‘Perhaps he was,’ Sergeant Hazell replied. ‘Perhaps he was.’
❖ THE END ❖
What Really Happened
in Bath in 1850?
On Sunday 6th February 1850, in the early hours of the morning, Thomas Hunt drowned himself and his daughter. Suicides were relatively common in that stretch of the River Avon at the time and rarely merited more than a mention in the local paper, but the deaths of Hunt and his daughter were reported in The Times. The Coroner’s Court found her father guilty of murder.
It was in a newspaper archive that I first read of Thomas Hunt and his daughter. There was nothing in the newspaper records to indicate that he was in debt, but debt and loan-sharks were a way of life for the working class at that time. I had intended to use the story as an anecdote somewhere in the book, but gradually, as I wrote, the deaths of Thomas Hunt and his daughter became the link that bound the story together, though I never discovered his daughter’s name.
In 1850, Bath was one of the largest and most prosperous cities in Britain. The fine Georgian buildings, the spa waters, the fashionable shops in Milsom Street, and the annual round of concerts and balls still drew wealthy visitors for the season. The wealth of this transient population was the bedrock on which the city had been built and grown.
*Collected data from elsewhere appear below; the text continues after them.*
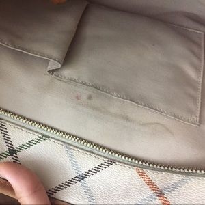 Purse has some flaws! There's some discoloring on some parts of the straps, some stains inside the purse, and some coloring on the back of the purse due to jean rubbing. However, none of these flaws are highly noticeable!! You can tell by just looking at the inside, it looks perfectly normal, unless you look in the side pockets! Strap discoloring and the coloring on the back of the purse is barely noticeable.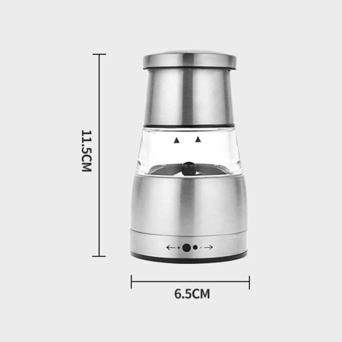 Remplissage : ouverture plus grande de 1,8 pouce, affichage clair de la qualité de remplissage, capacité de 10 oncesGrossièreté réglable : la grossièreté de la mouture peut être ajustée en tournant le en douceur. Moulin à Sel Électrique | 5 Niveaux de Broyage Réglables | Moulin à Poivre Électrique en Acier Inoxydable,Pour Maison, Restaurant, Appartement, Cuisine : : Home & KitchenAbout this item Performance culinaire optimisée : Équipé d'un système de broyage solide, ce moulin à poivre convient pour broyer efficacement le poivre et les grains de poivre, offrant des résultats... Broyage des épices : Ce moulin à poivre dispose d'un mécanisme de broyage avancé qui améliore l'efficacité culinaire en moulant rapidement et uniformément le poivre et les grains de poivre, le rendant adapté aux tâches culinaires quotidiennes dans votre cuisine Avec cinq options différentes de réglage de la taille de mouture, ce moulin convient au poivre, au sel, aux grains de poivre, au cumin et plus encore. Moulin Design Acier Inox Moulin De Cuisine | 5 Niveaux De Broyage Réglables,Moulin Moulin à épices Cuisine Moderne Capacité 10oz En raison des différentes mesures manuelles, veuillez prévoir une différence de taille de 1 à 2 cm. Ce moulin à sel rechargeable permet de moudre sans effort vos assaisonnements à grains solides préférés. Meulage : design ergonomique, facile à tenir, facile à broyer. Entretien facile : Ce moulin de cuisine dispose d'une conception robuste en acier inoxydable une bonne résistance à l'usure, préservant son état même après une utilisation prolongée. Sa structure sturdy fournit une stabilité optimale pendant le fonctionnement. Il est construit pour durer et pas facile à endommager. Caractéristiques:Taille du produit :Hauteur : environ 18,8 cm/7,4 poucesLargeur: environ 6,4 cm/2,52 poucesProeur : environ 6,4 cm/2,52 poucesMatériel:Matériau du corps principal : acier inoxydablePartie transparente : acryliqueFonction:Broyage électrique : rechargeable, facile à utiliser. Moulin à café électrique,Moulin à Sel Électrique à Gravité Amélioré... Pas besoin de remplacer fréquemment les piles. Décoration de Cuisine Améliorée: Grâce à son design épuré et son double focus sur l'esthétique et l'utilité, ce moulin à poivre électrique s'intègre idéalement sur n'importe quel plan de travail. Moulin à café électrique,Moulin à Sel Électrique existent,Gadgets de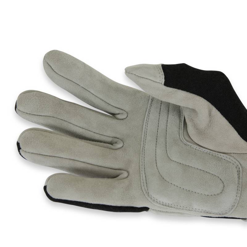 RaceQuip 351 Series auto racing gloves are a one layer Nomex® and suede leather glove built to SFI-1 specifications that provides a soft and supple feel. The grey suede leather palm adds a premium look and extra grip to this affordable SFI 3.3/1 rated driving glove. The knuckle pad and palm reinforcements attach to the Nomex® knit back in a way that promotes flexibility. Extra leather has been added between the index finger to the end of the thumb in the high-wear area. The 351 Series single layer Nomex(R) motorsports gloves feature a standard length gauntlet with an adjustable velcro(R) closure on the back to ensure a proper fit. These affordable Nomex(R) racing gloves are SFI 3.3/1 certified with SFI tags affixed to the wrist. Available in Black, Red, or Blue in sizes Small - X-Large.

Most of the better houses in the city were rented, as were the accoutrements that went with them; the horses and carriages, furniture and bedding, table linen and crockery, cutlery and silverware, cooks and servants. If you had the money and the manners, you could be whoever you wanted to be in Bath. Yet by 1850, the nature of the city was changing and its popularity as a fashionable resort was declining.
In truth, the grandiose Georgian façades hid buildings that were often poorly finished and viewed from any other angle quite unsightly. And the city, too, hid its uglier aspects behind an illusion of opulence. By 1850 industry was thriving in the city – corset makers, furniture and coach-making, brass foundries, printing, tailoring, shoe-making, breweries and stone quarrying. Bath did its best to keep the factories and sweat-shops largely out of sight and as far away as possible from the minds of visitors and wealthy residents. The cholera outbreak in the previous year (largely confined to Avon Street) had been the second largest in the country, yet it too was kept out of the public eye.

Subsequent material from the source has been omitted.